Hello to everyone who reads this. :)

1. The problem statement, all variables and given/known data
I DO understand the two following points.:

1. If the redox potential of a redox reaction is positive, then the redox reaction is spontaneous.

2. If the redox potential of a redox reaction is negative, then the redox reaction is NOT spontaneous/non-spontaneous.

What I am NOT 100 percent sure I understand is what a redox potential of 0 (so neither positive nor negative) means (since most, if not all, sources don't seem to mention that). I've been told that it means that the system is at equilibrium, which does make sense to me, but being told that, I have another (sub)question to inquire about this further. (See part 3, below.)

2. Relevant equations
http://chem.libretexts.org/Core/Phy...es_of_Chemical_Equilibria/Dynamic_equilibrium

3. The attempt at a solution
Basically, a redox reaction with a potential of 0 means the system in question is ALWAYS in DYNAMIC equilibrium (and never static equilibrium), since redox reactions ALWAYS have motion between reactants and products, albeit at an equal and constant rate, when the redox potential of a redox reaction is 0, right?

If I'm wrong, please correct me.

Any input would be GREATLY appreciated!

P.S.
"Potentials" = "Potential differences", right?

2. Oct 11, 2016

### Staff: Mentor

I am not sure I understand what it is supposed to mean.

What do you mean by "redox reaction"? The one in which two half cells are combined to react?

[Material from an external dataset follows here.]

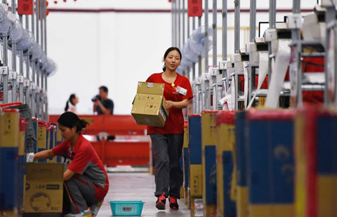 JD working staff prepare for '618' online shopping festival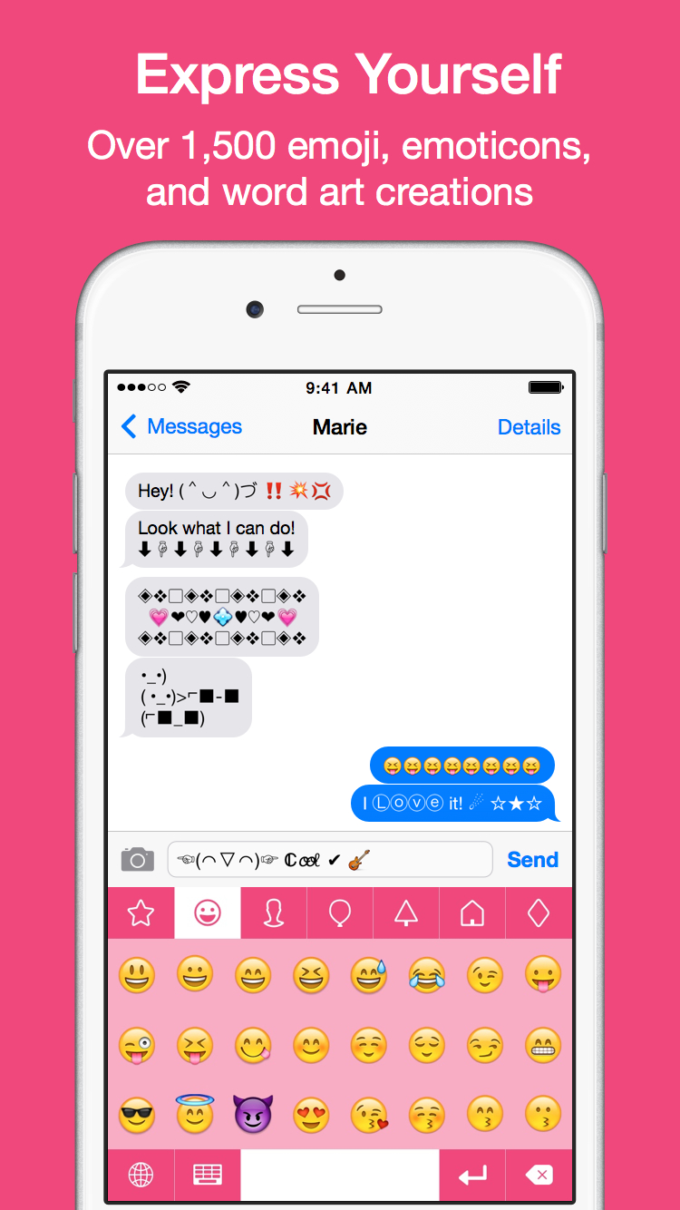 • Over 1,500 emoji, emoticons, symbols, and word art creations in a beautifully designed, system-wide keyboard for iPhone, iPad, and iPod touch

If so, whether the cell potential is positive or negative is just a matter of how the half cells are connected to the voltmeter and the negative potential can be made positive just by switching the cells. But you can't make the system spontaneous just by shifting flasks, so there is something wrong.

And if by "redox reaction" you mean a half cell reaction, it is never spontaneous, as it won't work without an electron source (or sink) which is typically a second half cell. Which moves us back to the first case (which is already wrong).